*** Material for the task ***

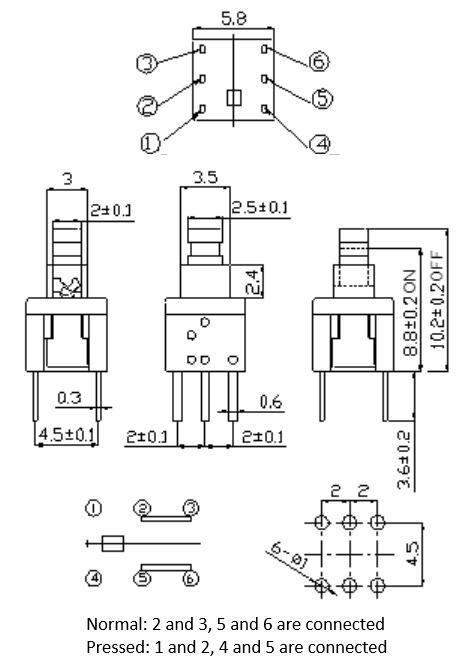 Der 5,8 mm große taktile Druckschalter mit Sperrfunktion und hohem Kopf ist ein 5,8 mm großer Druckknopfschalter, der sowohl Momentan- (selbstrückstellende, nicht verriegelnde)
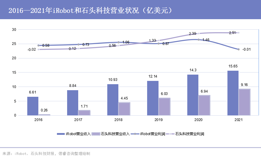 而对比后起之秀石头科技,营收从2016年的0.26亿美元飙升至2021年的9.16亿美元,从营收不足iRobot的5%到58%,增速惊人;营业利润上,从负增收到2.51亿美元营收,利润率高达35.6%。
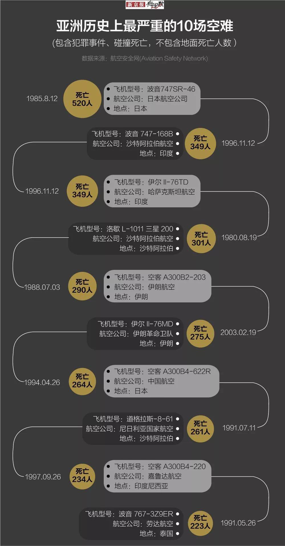 从整个亚洲的实际情况上看,在最严重的飞机事故中,波音的占比并不比空客高多少。
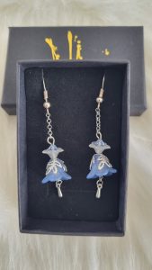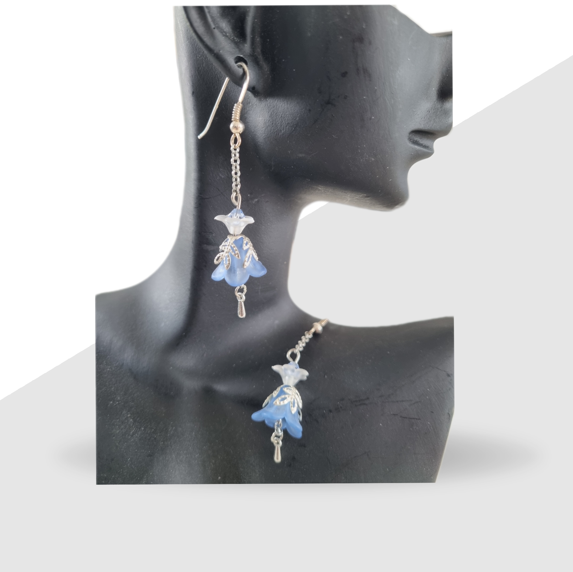 Boucles florales en lucite bleu et blanc. Ambiance fraîcheur estivale. Parfaites pour vos tenues légères et bohème.
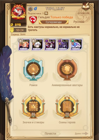 Краткое описание: 📜 53 ГЛАВА ⏫ 400 LVL 🏰 1105 Этаж башни 🤍 105 Возвышенных героев ⚔️ 89B Мощи 📩 С почтой
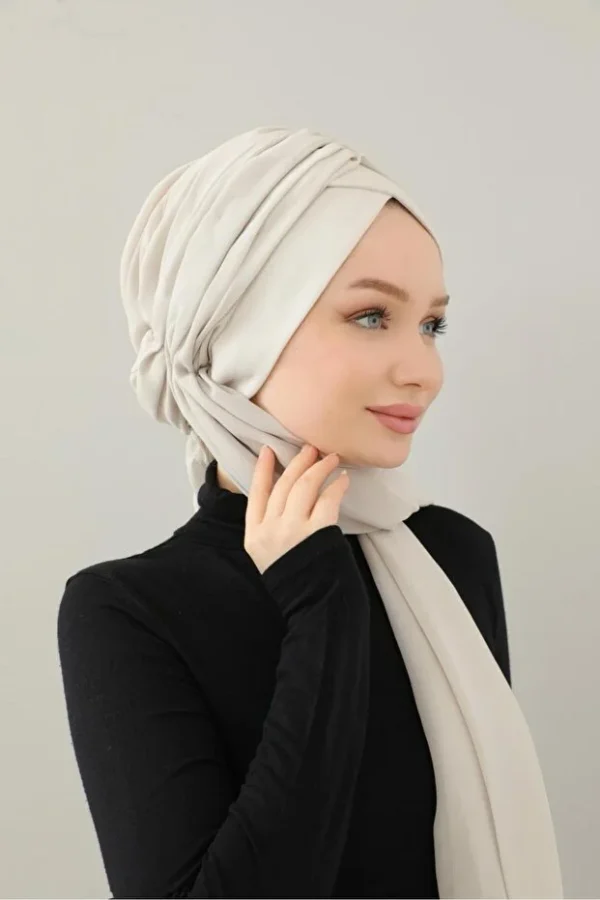 Özel El Işçiliği %100 Pamuklu Şallı Uzun Hazır Türban – Şallı Model
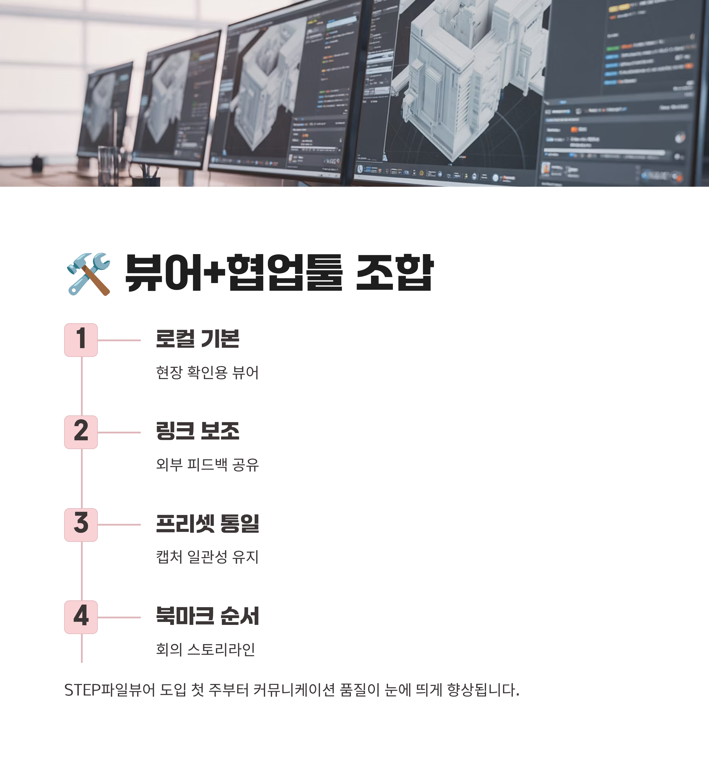회의 전에는 이슈 목록을 만들고, 장면 북마크를 순서대로 넘기는 스토리라인을 준비해두세요. 주석 색을 역할별로 나누면 피드백이 깔끔해요. 이런 루틴만 잡아도 STEP파일뷰어 도입 첫 주부터 커뮤니케이션 품질이 눈에 띄게 올라가요.
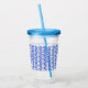 Blue 3-D rings are interlocked, forming a chain mail look.
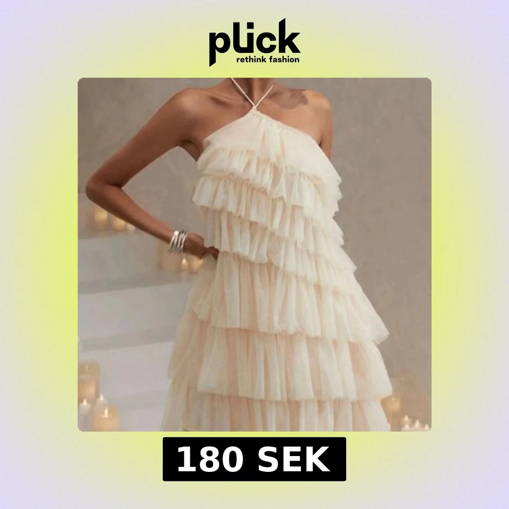 Glittrig Halterneck klänning med knytband. Perfekt för speciella tillfällen! Storlek S(36) aldrig använd
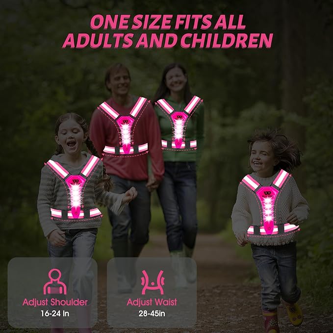 - One Size Fits Everyone - Adjustable night vest for walking use elastic fabrics and high-quality buckles to adjust the length of the strap. The reflective outdoor sport vest shoulder(1.4 cm reflective area) length has been expanded from 16" to 24", and the waist circumference has been expanded from 28" to 45". Just slide the buckle to achieve a size suitable for man/women/adult/teens
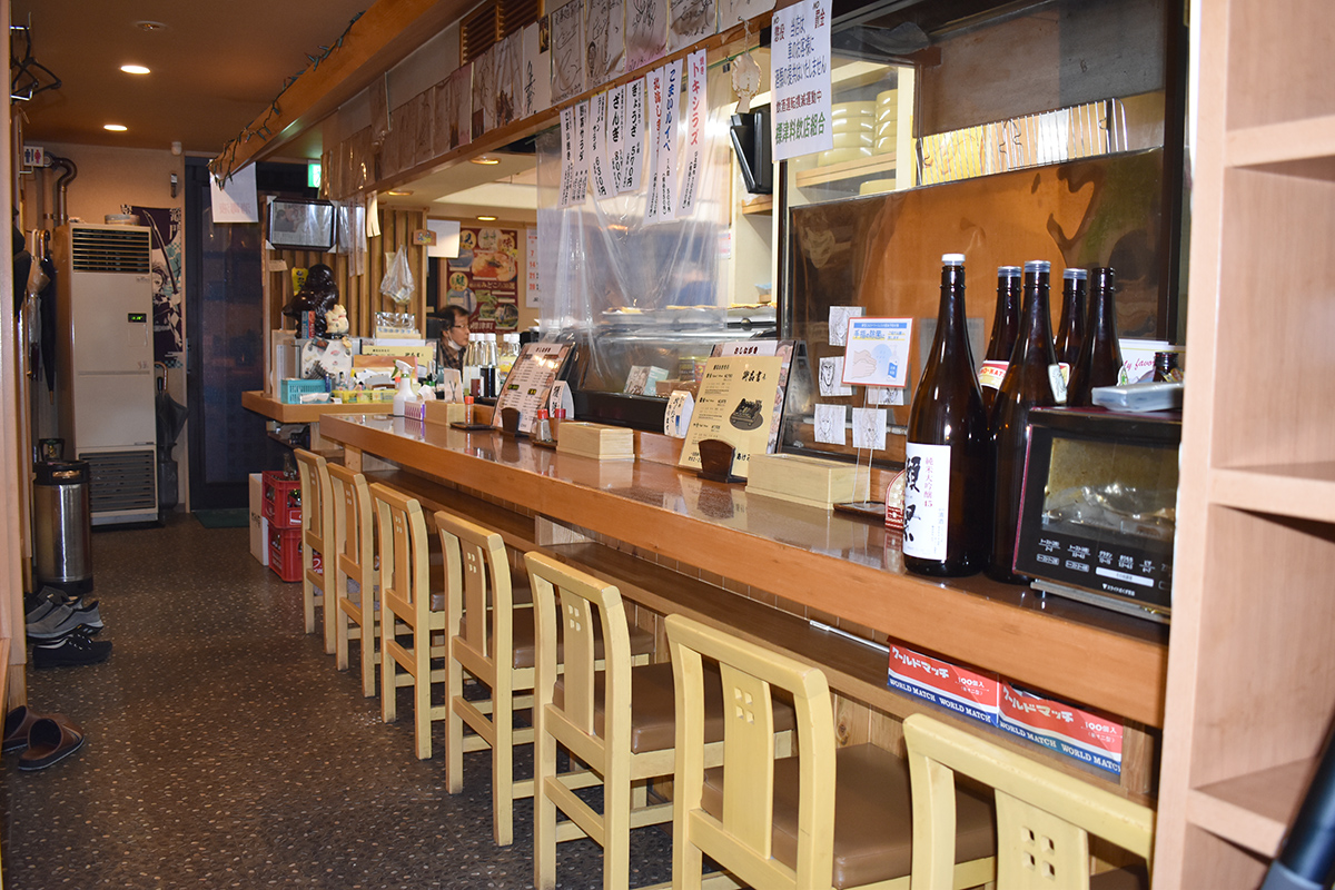 お寿司以外にも刺身・焼物・串・丼ものなど、バラエティー豊かなメニューが揃っており、季節ごとに旬の食材とお酒を堪能できるのも魅力の一つです。また、地元の日本酒『北の勝』をはじめ、様々な美味しいお酒が揃っています。
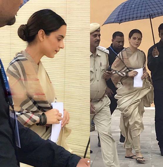 इन दिनों जयपुर में फिल्म का सीक्वेंस शूट हो रहा है. इन तस्वीरों में कंगना रनौत रानी लक्ष्मीबाई की तरह साड़ी पहने नजर आ रही हैं. उन्होंने क्रीम कलर की साड़ी और लाल बिंदी लगाई है. साथ ही एक चैक वाला शॉल कंधे पर डाला हुआ है. वह शूटिंग से पहले अपनी डायलॉग की तैयारी कर रही हैं.
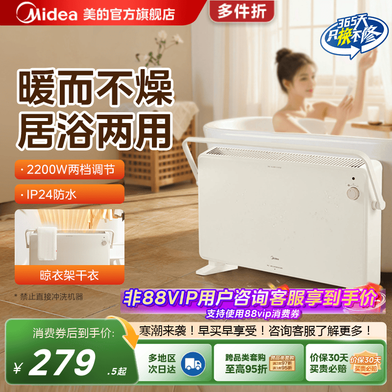 美的巨浪取暖器暖风机家用节能浴室大面积电暖气片2025新款烤火炉

***

_The problem:_
What you return must match the lines above from the one with "Краткое описание: 📜" through the one with "Glittrig Halterneck klänning" exactly, with both ends included and the pictures excluded.

_Result below:_
 Краткое описание: 📜 53 ГЛАВА ⏫ 400 LVL 🏰 1105 Этаж башни 🤍 105 Возвышенных героев ⚔️ 89B Мощи 📩 С почтой
 Özel El Işçiliği %100 Pamuklu Şallı Uzun Hazır Türban – Şallı Model
회의 전에는 이슈 목록을 만들고, 장면 북마크를 순서대로 넘기는 스토리라인을 준비해두세요. 주석 색을 역할별로 나누면 피드백이 깔끔해요. 이런 루틴만 잡아도 STEP파일뷰어 도입 첫 주부터 커뮤니케이션 품질이 눈에 띄게 올라가요.
 Blue 3-D rings are interlocked, forming a chain mail look.
 Glittrig Halterneck klänning med knytband. Perfekt för speciella tillfällen! Storlek S(36) aldrig använd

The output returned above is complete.